Inside/Outside
Showing posts with label Covid-19. Show all posts
Showing posts with label Covid-19. Show all posts

Saturday, January 8, 2022

I Can't Stand It!

 “I can’t stand this anymore!” Karen shrieks. On my video screen I watch a usually attractive 35 year old woman grimace and pull at her hair. “When, when is it going to end?”

“I don’t know the answer to that, Karen. It’s a pandemic and the virus will do what it’s going to do.”
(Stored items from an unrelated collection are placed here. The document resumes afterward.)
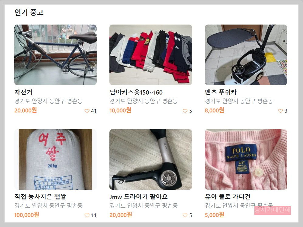 이 페이지에서 당근을 구경 할 수 있습니다.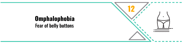 Omphalophobia is a fear of belly buttons. People with omphalophobia will avoid seeing or touching belly buttons, even their own. They might even put a bandage over their belly button to avoid looking at it. They will sometimes avoid places where belly buttons might be exposed, like the beach.
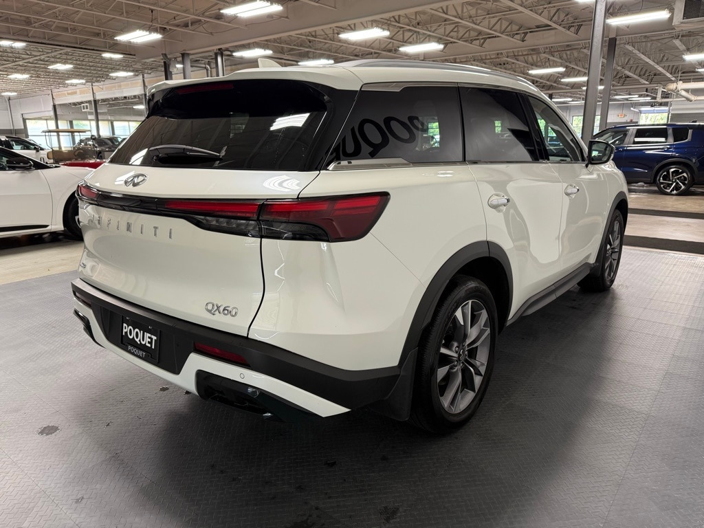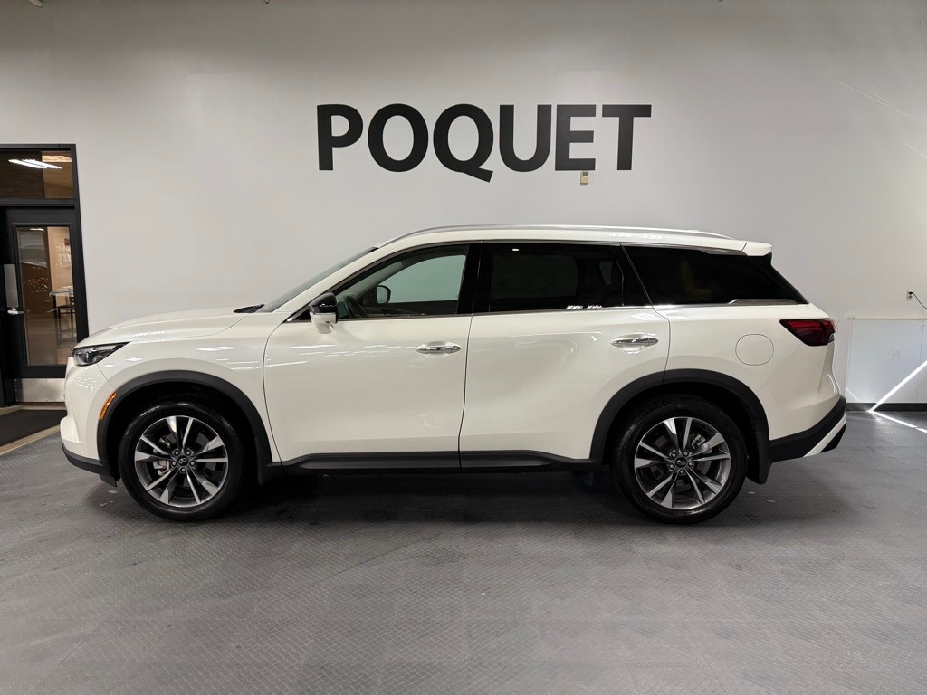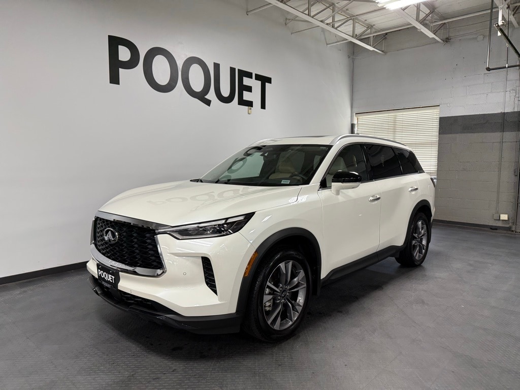 Step into refined comfort with our 2024 Infiniti QX60 Luxe, finished in Majestic White on Sandstone with just 6,000 miles and an original MSRP of $61,680. This one-owner SUV comes loaded with the $1,500 Vision Package and $900 Performance Audio Package, blending advanced tech with premium sound. Inside, the 3-row cabin is both elegant and functional, with supportive front seats and clever One-Touch second-row seating that makes accessing the third row effortless. With a 22 MPG combined rating, a 5-Star overall safety score from the NHTSA, and recognition as an IIHS Top Safety Pick, the QX60 is as safe and efficient as it is stylish. Like every vehicle here, it is Poquet and Carfax Certified for your peace of mind. Come see why we've earned a 4.9-star rating on Google!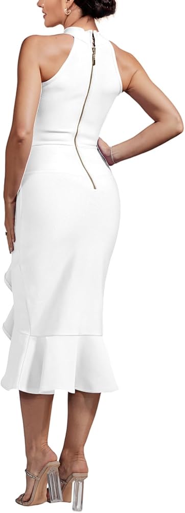 Features: Elegant party dress features a halter neck, ruffle, mermaid hem, mid-knee length, and side slit with ruffle trimming. Midi party dresses, bodycon dresses, fitted dresses for women, formal dresses for women.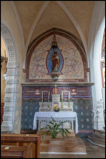 en bois peint et le retable d'époque Louis XIII qui le surmonte proviennent

“But we can’t plan anything. We don’t know from one moment to the next what’s going to be happening. How many times have we gone back and forth from being in the office and back on video? I can’t stand it! I feel as though I’m going crazy.”
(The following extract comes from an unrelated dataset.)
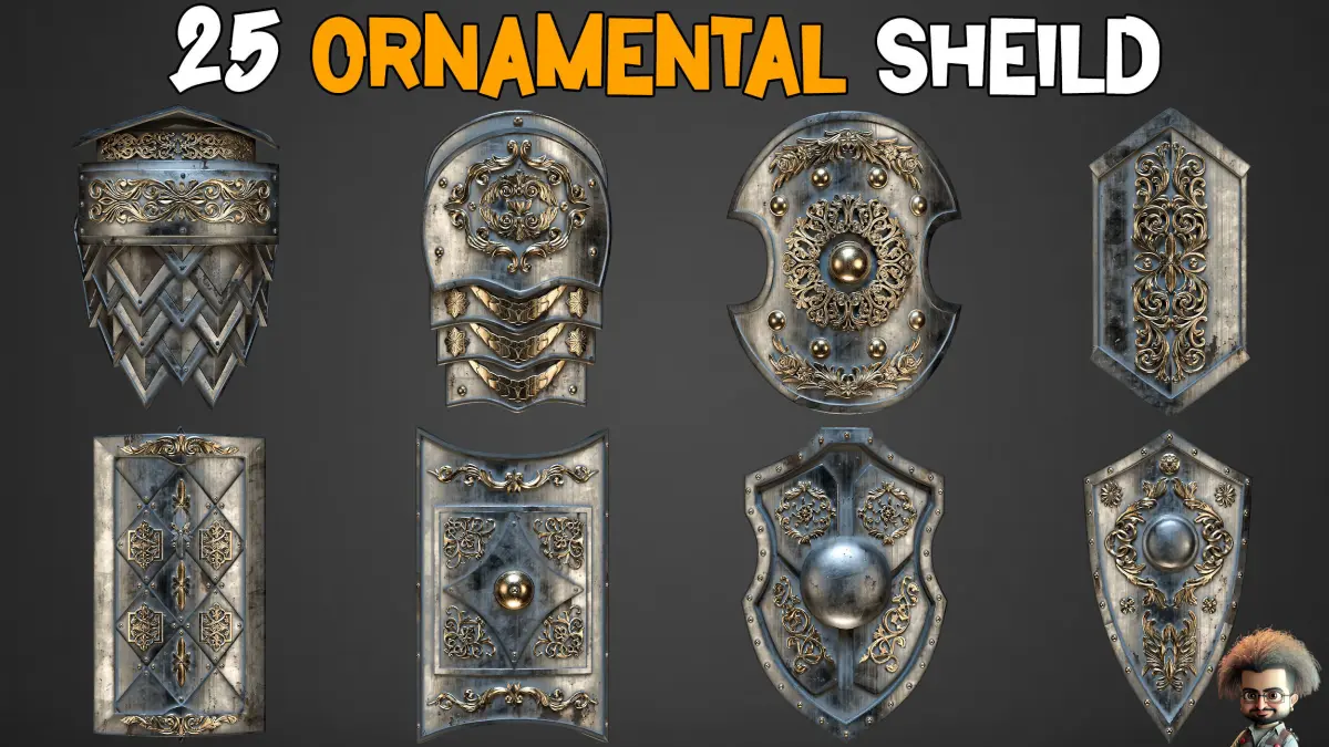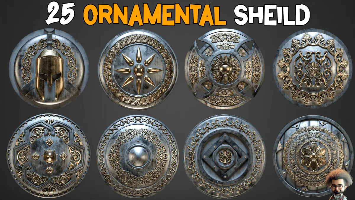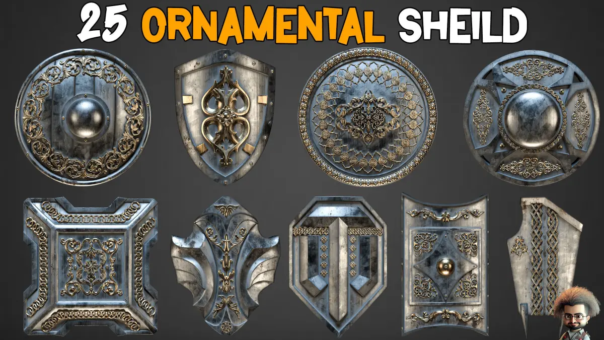25 Ornamental Shield + 3D models25 Shield included : OBJ , FBX , MAX(2018) ,PDF(Previews)UnwrappedLowPoly & HighPoly

“The uncertainty is difficult for everyone, Karen. And I do understand that going back on video after a few weeks in the office is very disconcerting.”

“And then there’s your vacation! How could you leave in the middle of all this?! What if you got sick? What if you died? Would I even know? Would anyone tell me?”

“I understand your feeling angry with me for abandoning you.”

“But answer my question. Would anyone tell me if you died or would I just be wondering forever?”

“Yes, a colleague would contact you if I died. But I wonder if your worrying about my dying came from your feeling so unsafe without me. My absence has always been understandably frightening to you and certainly with Covid raising everyone’s anxiety, it’s easy to see how you’d fear losing me forever.”

“You mean like when I was a kid and my mother went away leaving me with my insane father?” Pause. “Yes, that was terrifying. It was always terrifying, even when she was there, but when she was gone that was really, really terrifying. I never knew what to expect. Truthfully, my mother was useless at preventing my father’s explosions, but it still felt a bit safer when she was there. He was so unpredictable. You just never knew what would set him off: a book left on the kitchen table, the dog barking, my clattering a dish. It was so scary. And I could never understand why she had to go away. What was so much more important than me?!”


“The pandemic replicates your childhood experience in so many ways: you never know what’s going to happen next and, just like your mother, even when I’m here I’m pretty ‘useless’ to change the reality of the pandemic, just like she couldn’t prevent your father’s explosions.”

“But why did you have to go away? She went away for business, although as a kid I never knew what that meant. She went away to see her parents, but I didn’t understand why she couldn’t take me with her. I guess my Dad would say we couldn’t afford it, but I didn’t understand that either.”

“I don’t think, Karen, anything your Mom told you about why she went away would have felt like a good enough reason to you and I’m sure that’s true of me as well. You’d always feel you weren’t important enough, that you were being left for something more important than you.”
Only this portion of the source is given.